The trade war initiated by President Trump has changed the landscape for the Fed. Tariffs are inflationary but the impact is likely to be an initial sharp step up. Thereafter, things are less clear. If the economy slows, as one might reasonably expect, inflation pressures will ease. On the other hand, a new trade equilibrium exacerbated by potential labour shortages, tariff escalations and supply chain disruptions is likely to be inflationary. The net impact on inflation is hard to guess.
The impact on output is a bit clearer. Consumer confidence will be further impaired and consumption is 67% of GDP. Investment, 18% of GDP, will likely fall sharply as corporate investment plans are halted by uncertainty. The 18% of government spending will likely be constrained by the already increasing fiscal deficit, compounded by rising funding costs unless rates are cut aggressively and the yield curve is cooperative and doesn’t steepen sharply. The current account deficit will probably shrink sharply as trade shuts down.
On balance, the odds are that inflation remains elevated while output slows and probably shrinks. The thankless job of monetary policy would encourage rational Fed officials to find other vocations.

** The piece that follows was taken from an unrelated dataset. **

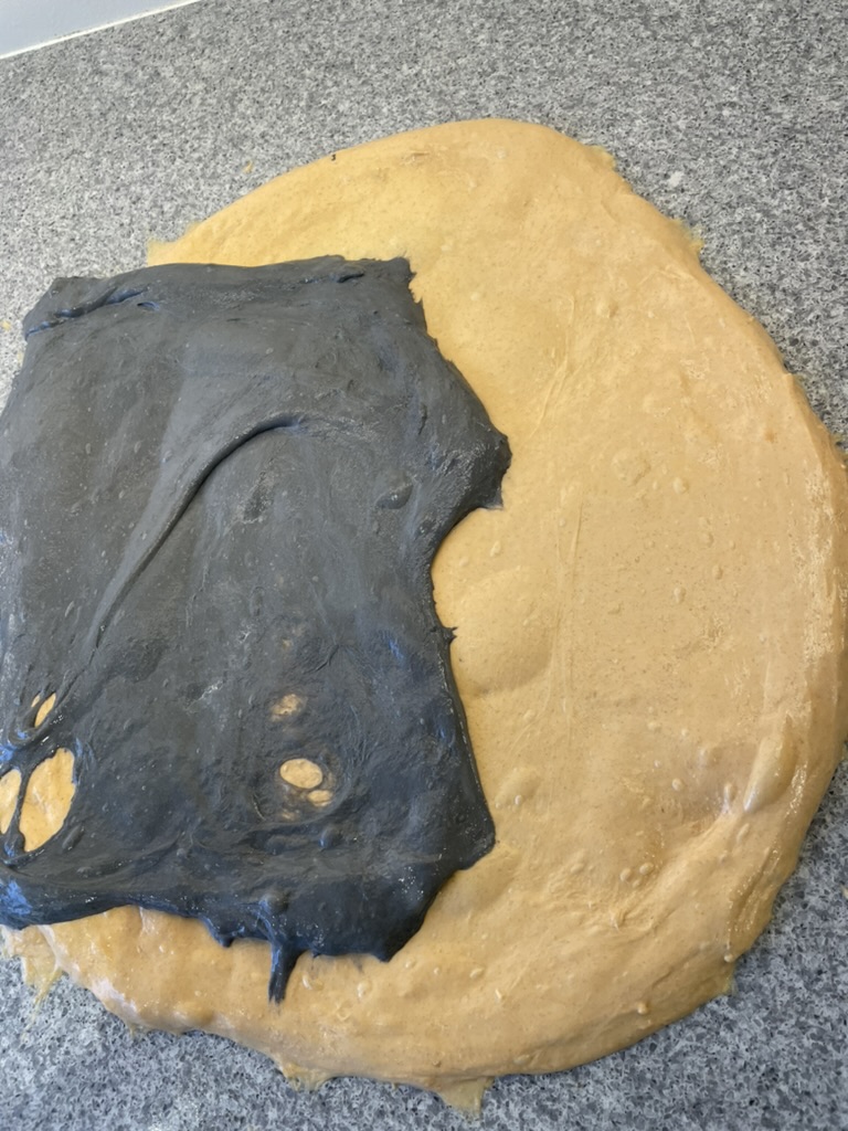 1. Når dejen er æltet og alle ingredienser er blandet, deler du den i to portioner.

Economic forecasting is difficult enough when geopolitics is a continuous diffusion. When it is a series of discontinuous changes in direction or pace, forecasting is impossible. One has to get the geopolitical outlook right before one can make inferences about the economic impacts.

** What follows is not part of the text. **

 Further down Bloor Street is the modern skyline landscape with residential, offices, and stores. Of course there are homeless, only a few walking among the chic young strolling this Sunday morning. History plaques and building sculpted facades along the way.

Trump intends to achieve net zero trade balances on a pairwise basis with all trading partners. Is this useful? That’s not the relevant question. Is it practical? Also not very relevant. Will he go for it? Very relevant. Answer? Don’t know. Best guess, he will go for it.
Much depends on the response of the various trading partners. If they retaliate then one can expect Trump to escalate. If they back down and negotiate, the risk of non-tariff conditions rears its head. The US believes itself capable of self-sufficiency and with the development of fracking and shale oil, they nearly are. Nearly, because they still need immigrants.

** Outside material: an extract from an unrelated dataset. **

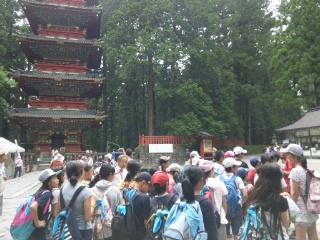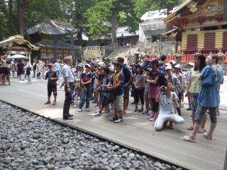 日光東照宮を見学しています。案内人の方の説明に耳を傾けながら、有名な世界遺産について学習しています。

One can only hope that trading partners choose not to escalate. Too late; China has called (+34%) and Trump has raised (+50%). A less ambitious hope is that America’s trading partners at least do not turn on one another and decide to restore some normalcy to global ex-US trade. There are some signs of this. The EU has refrained from tariffs on bourbon, wine and dairy products and has reached out to China to coordinate the management of trade diversions resulting from the American tariffs. Still more needs to be done to prune tariffs and non-tariff barriers to trade. The business lobby in the US will be a significant actor. This constituency had cosied up to Trump during his campaign and pre Liberation Day in an effort to either gain favour or influence policy. That strategy has not paid off. With global supply chains as integrated as they were, US business has every interest in lobbying for some tariff relief and orderly industrial policy. Until they succeed, corporate investment, almost a fifth of US output, will be on hold.